- _Provided data_:
====
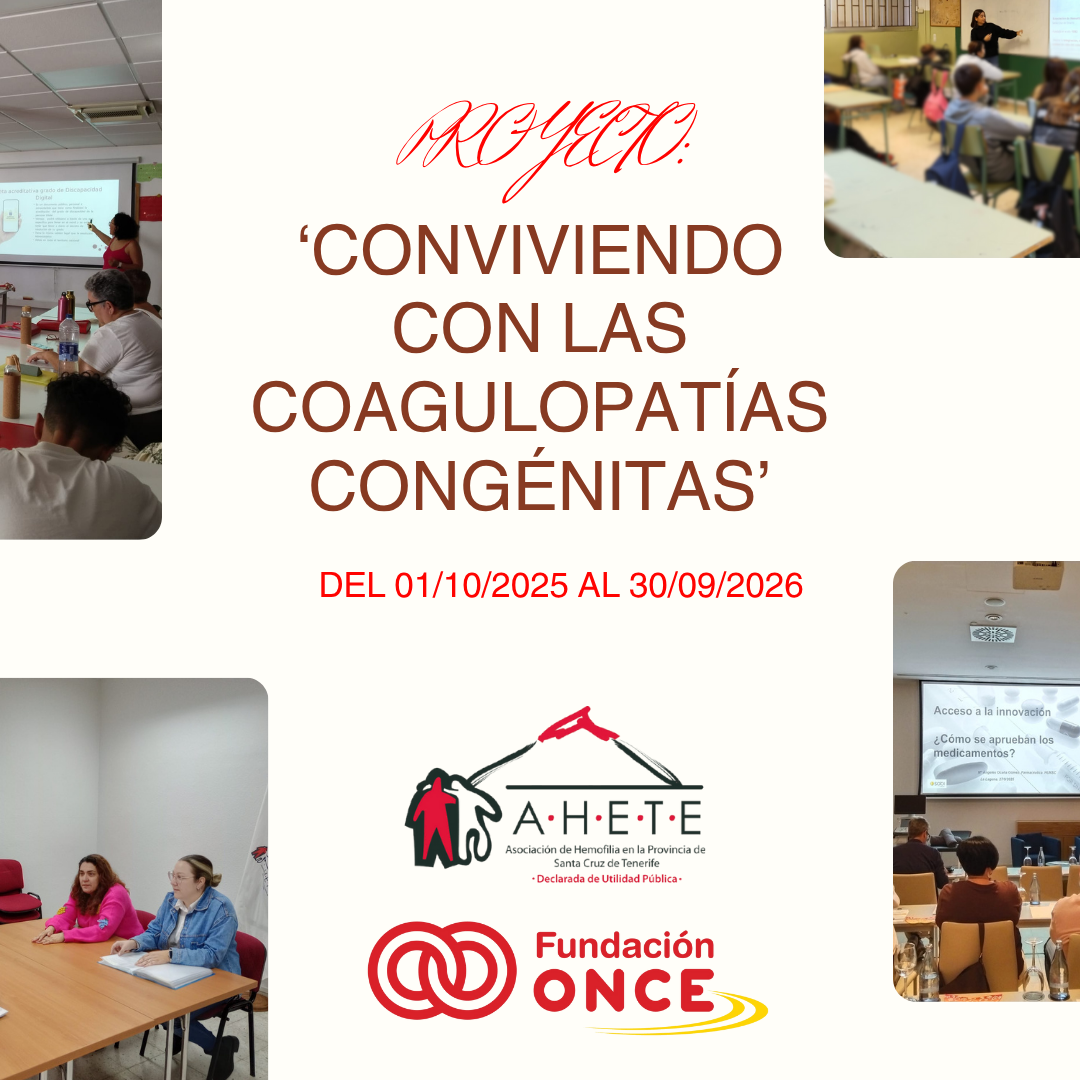 Del 01 de de octubre 2025 al 30 de septiembre 2026, AHETE ejecutará el proyecto: ‘Conviviendo con las Coagulopatías Congénitas’, el cual se encuentra financiado por la Fundación ONCE, a quien queremos agradecer un año más su apoyo.
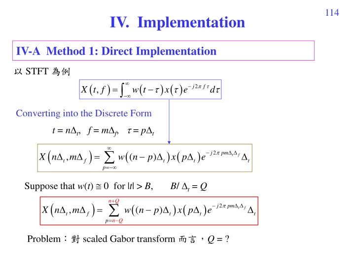 114 IV. Implementation IV-A Method 1: Direct Implementation STFT ( ) ( ) ( ) x = 2 j f , X t f w t e d Converting into the Discrete Form t = n t, f = m f, = p t ( ) ( ) ( x p ) 2 j pm = , ( ) X n m w n p e t f t f t t t = p Suppose that w(t) 0 for |t| > B, B/ t= Q ( , n p = n Q + ) ( ) ( x p ) 2 j pm = ( ) X n m w n p e t f t f t t t Q Problem scaled Gabor transform Q = ?
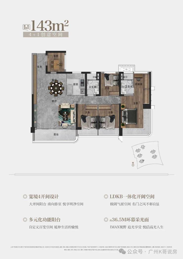 D栋-143㎡户型,南向宽景4开间设计 | 约36.5M环幕采光面 | 270°环幕瞰景主卧|多元化功能阳台
====
- _Work to be completed_: Both the line containing "114 IV. Implementation" and the last line of the listing above belong in the copy, along with every line between them; retype them exactly and omit the pictures.

- _Answer box_:
 114 IV. Implementation IV-A Method 1: Direct Implementation STFT ( ) ( ) ( ) x = 2 j f , X t f w t e d Converting into the Discrete Form t = n t, f = m f, = p t ( ) ( ) ( x p ) 2 j pm = , ( ) X n m w n p e t f t f t t t = p Suppose that w(t) 0 for |t| > B, B/ t= Q ( , n p = n Q + ) ( ) ( x p ) 2 j pm = ( ) X n m w n p e t f t f t t t Q Problem scaled Gabor transform Q = ?
 D栋-143㎡户型,南向宽景4开间设计 | 约36.5M环幕采光面 | 270°环幕瞰景主卧|多元化功能阳台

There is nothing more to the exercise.